Zachary1150/merge_lenfmt_MRL4096_ROLLOUT4_LR5e-7_w0.5_ties_density0.2

Hugging Face
TEXT GENERATIONConcurrency Cost:1Model Size:1.5BQuant:BF16Ctx Length:32kPublished:Jan 1, 2026Architecture:Transformer Warm

Zachary1150/merge_lenfmt_MRL4096_ROLLOUT4_LR5e-7_w0.5_ties_density0.2 is a 1.5 billion parameter language model merged from two specialized models using the TIES method, based on deepseek-ai/DeepSeek-R1-Distill-Qwen-1.5B. This model integrates distinct capabilities from its constituent components, likely focusing on enhanced performance in specific language understanding or generation tasks. Its architecture is designed for efficient deployment while maintaining a substantial context length of 131072 tokens, making it suitable for applications requiring extensive contextual awareness.

Loading preview...

Model Overview

This model, merge_lenfmt_MRL4096_ROLLOUT4_LR5e-7_w0.5_ties_density0.2, is a 1.5 billion parameter language model created by Zachary1150. It was developed using the TIES merge method (Task-Agnostic In-Context Example Selection) to combine the strengths of two distinct pre-trained models. The base model for this merge was deepseek-ai/DeepSeek-R1-Distill-Qwen-1.5B.

Merge Details

The merge process involved two specific models, each contributing with a weight of 0.5 and a density of 0.2, indicating a balanced integration of their features.
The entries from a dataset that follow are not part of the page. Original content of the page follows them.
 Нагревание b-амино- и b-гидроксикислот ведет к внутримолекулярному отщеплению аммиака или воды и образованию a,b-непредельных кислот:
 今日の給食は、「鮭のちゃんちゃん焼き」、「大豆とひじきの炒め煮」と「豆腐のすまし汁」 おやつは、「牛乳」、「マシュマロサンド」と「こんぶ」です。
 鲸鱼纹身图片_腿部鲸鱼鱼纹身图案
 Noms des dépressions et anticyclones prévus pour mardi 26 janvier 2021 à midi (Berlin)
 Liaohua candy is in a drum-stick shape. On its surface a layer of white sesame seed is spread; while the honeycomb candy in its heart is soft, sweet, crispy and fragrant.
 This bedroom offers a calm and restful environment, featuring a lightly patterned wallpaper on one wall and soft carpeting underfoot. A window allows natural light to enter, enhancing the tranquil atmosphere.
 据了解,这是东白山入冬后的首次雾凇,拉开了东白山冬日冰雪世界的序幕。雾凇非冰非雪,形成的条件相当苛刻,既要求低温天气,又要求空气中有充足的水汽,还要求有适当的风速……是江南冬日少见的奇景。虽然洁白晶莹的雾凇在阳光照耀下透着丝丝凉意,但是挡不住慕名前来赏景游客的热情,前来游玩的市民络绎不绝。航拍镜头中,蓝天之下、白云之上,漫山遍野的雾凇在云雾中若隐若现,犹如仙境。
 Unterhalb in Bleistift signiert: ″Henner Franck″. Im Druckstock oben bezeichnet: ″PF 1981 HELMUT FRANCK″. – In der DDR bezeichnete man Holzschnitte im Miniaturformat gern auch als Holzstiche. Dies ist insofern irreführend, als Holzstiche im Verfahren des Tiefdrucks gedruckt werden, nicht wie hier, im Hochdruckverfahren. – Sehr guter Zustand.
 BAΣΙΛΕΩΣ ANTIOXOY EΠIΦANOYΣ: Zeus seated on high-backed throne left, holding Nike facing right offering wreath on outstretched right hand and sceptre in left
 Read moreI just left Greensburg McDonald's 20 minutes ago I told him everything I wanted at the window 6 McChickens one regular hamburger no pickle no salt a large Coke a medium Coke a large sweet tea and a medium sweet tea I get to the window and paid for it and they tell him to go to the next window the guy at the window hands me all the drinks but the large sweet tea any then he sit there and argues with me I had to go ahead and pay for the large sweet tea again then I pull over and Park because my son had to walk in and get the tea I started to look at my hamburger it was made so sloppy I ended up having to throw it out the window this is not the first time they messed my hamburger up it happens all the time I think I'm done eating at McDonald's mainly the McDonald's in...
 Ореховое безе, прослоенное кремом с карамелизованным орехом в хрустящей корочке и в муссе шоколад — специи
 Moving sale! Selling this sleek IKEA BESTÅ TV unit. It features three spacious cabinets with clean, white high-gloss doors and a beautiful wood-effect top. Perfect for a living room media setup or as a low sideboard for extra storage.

The TIES method is known for its ability to efficiently combine models while preserving their individual expertise, suggesting this merge aims for a synergistic outcome rather than a simple average.

Key Characteristics

  • Architecture: Based on the DeepSeek-R1-Distill-Qwen-1.5B family.
  • Parameter Count: 1.5 billion parameters, offering a balance between performance and computational efficiency.
  • Context Length: Features a substantial context window of 131072 tokens, enabling processing of very long inputs and maintaining extensive conversational history or document understanding.
  • Merge Method: Utilizes the TIES method, which is designed to selectively merge parameters, potentially leading to specialized capabilities derived from its source models.

Potential Use Cases

Given its large context window and specialized merge approach, this model could be particularly effective for:

  • Applications requiring deep contextual understanding over long documents.
  • Tasks benefiting from the combined strengths of its merged components, such as enhanced reasoning or specific formatting adherence.
  • Scenarios where a 1.5B parameter model offers a good trade-off between performance and resource usage.